- [COLLECTED DATA]:
§

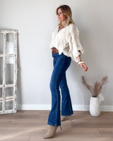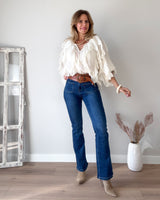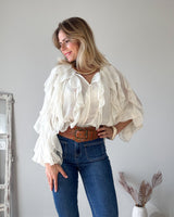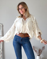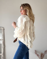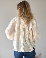 Blusa beige con volantes verticales. Escote pico y abotonada en la parte delantera. Tejido muy vaporoso.
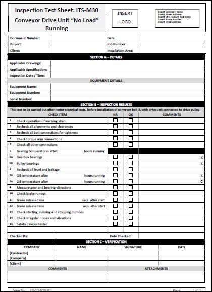 The Conveyor Drive Unit No Load Running Inspection Test Sheet provides a mechanism to outline the criteria and predetermined activities that must be completed, prior to hand over for commissioning and acceptance.
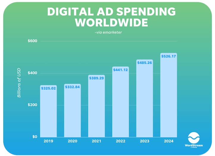 Online advertising is becoming increasingly important in the worldwide economic scene, as seen by the huge increase in digital ad spending from an estimated $485 billion in 2023 to a predicted $526 billion in 2024. Here is a pictorial depiction of year by year growth in digital ad spending:

§

- [PROBLEM TO SOLVE]: Nothing but the pictures should be left out when the listing is repeated exactly.

- [OUTPUT]:
 Blusa beige con volantes verticales. Escote pico y abotonada en la parte delantera. Tejido muy vaporoso.
 The Conveyor Drive Unit No Load Running Inspection Test Sheet provides a mechanism to outline the criteria and predetermined activities that must be completed, prior to hand over for commissioning and acceptance.
 Online advertising is becoming increasingly important in the worldwide economic scene, as seen by the huge increase in digital ad spending from an estimated $485 billion in 2023 to a predicted $526 billion in 2024. Here is a pictorial depiction of year by year growth in digital ad spending:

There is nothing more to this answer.